Figure 2 – Corrupted Pool
To catch the driver that corrupted pool we can use special pool. Special pool changes the organization of the pool so that each driver’s allocation is in a separate page of memory. This helps prevent drivers from accidentally writing to another driver’s memory. Special pool also configures the driver’s allocation at the end of the page and sets the next virtual page as a guard page by marking it as invalid. The guard page causes an attempt to write past the end of the allocation to result in an immediate bugcheck.
Special pool also fills the unused portion of the page with a repeating pattern, referred to as “slop bytes”. These slop bytes will be checked when the page is freed, if any errors are found in the pattern a bugcheck will be generated to indicate that the memory was corrupted.
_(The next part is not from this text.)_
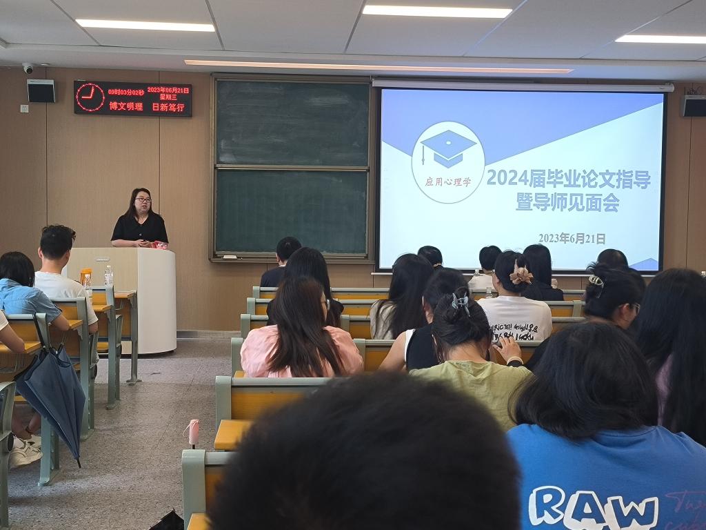 本网讯(通讯员 陈莎)6月21日上午9点,我院应用心理学专业在教学楼C217M举行2024届毕业论文指导暨导师见面会,2024届应心学生及论文指导老师参加活动。活动由教研室主任陈莎主持。
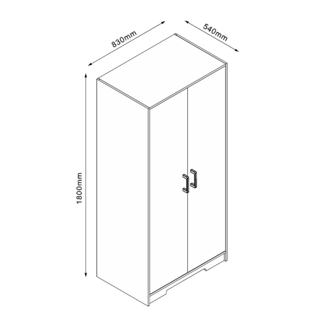 Melamiinipinta, polyuretaani, väri: musta. Vaatekaappi LAVINIA 2 ovella 83x54xH180cm, saarni.

This type of corruption is not a buffer overflow, it may be an underflow or some other form of corruption.
Figure 3 – Special Pool
Because special pool stores each pool allocation in its own 4KB page, it causes an increase in memory usage. When special pool is enabled the memory manager will configure a limit of how much special pool may be allocated on the system, when this limit is reached the normal pools will be used instead. This limitation may be especially pronounced on 32-bit systems which have less kernel space than 64-bit systems.
Now that we have explained how special pool works, we should use it.
There are two methods to enable special pool. Driver verifier allows special pool to be enabled on specific drivers. The PoolTag registry value described in KB188831 allows special pool to be enabled for a particular pool tag. Starting in Windows Vista and Windows Server 2008, driver verifier captures additional information for special pool allocations so this is typically the recommended method.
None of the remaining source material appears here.